Der Mittelstand hat sich hier eingerichtet, wie auch in der Halle. Es sind zwar auch viele Eishockeytrikots im weiten Rund zu sehen, und die Rutschpartien werden wie beschrieben nicht andächtig zur Kenntnis genommen, dennoch geht es recht gesittet zu beim Steine-Halma. Der deutschen Curlerin Andrea Schöpp war es trotzdem noch zu laut, sie beschwerte sich vehement über das ihrer Meinung nach unfaire Verhalten des Publikums. Keiner hat das ernst genommen, denn Skip Schöpp ist in der Szene eh als Meckerziege verschrien.

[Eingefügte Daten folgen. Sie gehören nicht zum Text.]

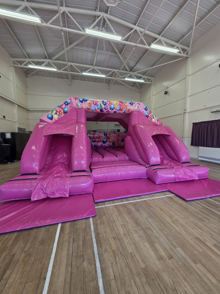 Weather its part of a public event or for a personal gathering/party our Dual castle is perfect for all occasions and is suitable for a party of around 30 children. If pink isn't your thing we also have our totally unique multicoloured Dual combi available with our matching ball pool also.

Kevin Martin hat einen gänzlich anderen Ruf. Und man sieht auf den ersten Blick, dass dieser Mann mit der eiskalten Empathie in sich ruht. Oft steht er einfach nur am Rand der Bahn, auf seinen Besen gestützt, und schaut dem Treiben zu, ganz so, als ob er die Nachbarskinder über den Gartenzaun seines Hauses in Edmonton beobachten würde.

Er ist nach den vielen Jahren, die er gecurlt hat, finanziell unabhängig. Außerdem betreibt er seit 1991 ein Geschäft für Curling- und Sportzubehör. Über den Laden hat er auch seinen jetzigen Mannschaftskollegen Marc Kennedy kennen gelernt. „Jetzt geht es um alles“, sagte Kennedy. Das hätte der Jack Niklaus des Curlings nicht besser sagen können.